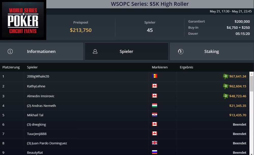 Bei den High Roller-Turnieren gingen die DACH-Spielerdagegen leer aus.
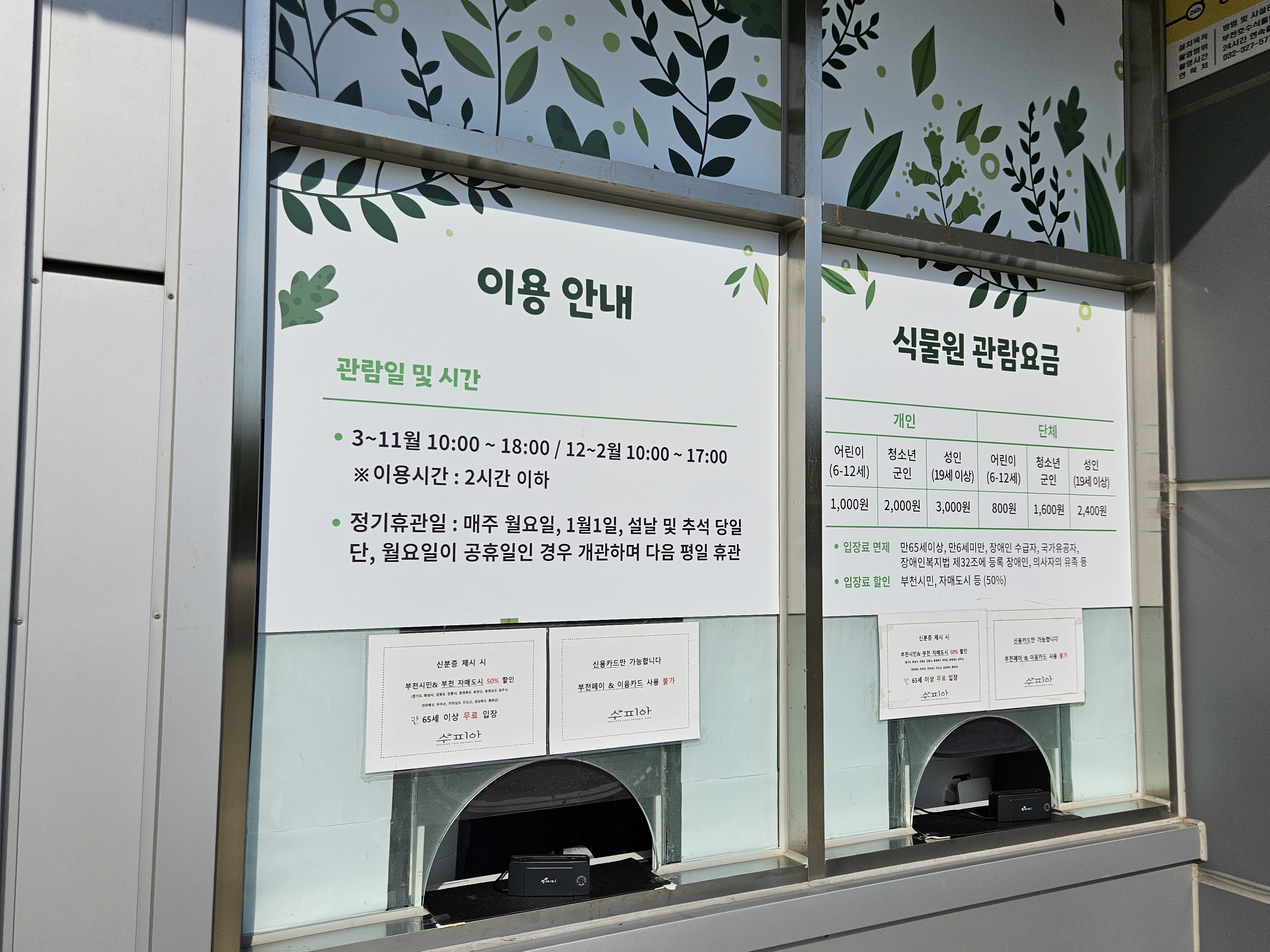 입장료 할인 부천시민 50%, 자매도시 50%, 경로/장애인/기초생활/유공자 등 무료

○ ○ ○ ○ ○

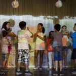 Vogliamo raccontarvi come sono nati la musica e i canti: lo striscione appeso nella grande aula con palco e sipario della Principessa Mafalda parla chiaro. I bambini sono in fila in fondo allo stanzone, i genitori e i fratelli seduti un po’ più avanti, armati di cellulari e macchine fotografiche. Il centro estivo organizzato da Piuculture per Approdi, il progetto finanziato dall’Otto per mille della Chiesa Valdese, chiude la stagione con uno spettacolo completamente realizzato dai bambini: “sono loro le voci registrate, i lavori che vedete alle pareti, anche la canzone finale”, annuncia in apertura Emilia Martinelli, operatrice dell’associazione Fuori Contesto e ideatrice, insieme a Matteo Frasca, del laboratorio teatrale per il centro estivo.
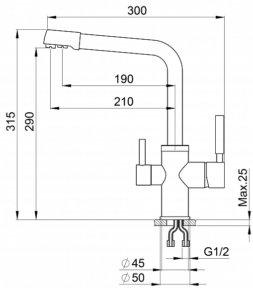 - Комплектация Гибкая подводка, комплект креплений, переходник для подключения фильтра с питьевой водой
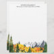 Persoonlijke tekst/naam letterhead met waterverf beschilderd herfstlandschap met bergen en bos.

○ ○ ○ ○ ○

Work item:
Although pictures appear among the records above, none are to be output; print exactly the lines from the line containing "Bei den High" through the line containing "입장료 할인 부천시민".

Your solution:
 Bei den High Roller-Turnieren gingen die DACH-Spielerdagegen leer aus.
 입장료 할인 부천시민 50%, 자매도시 50%, 경로/장애인/기초생활/유공자 등 무료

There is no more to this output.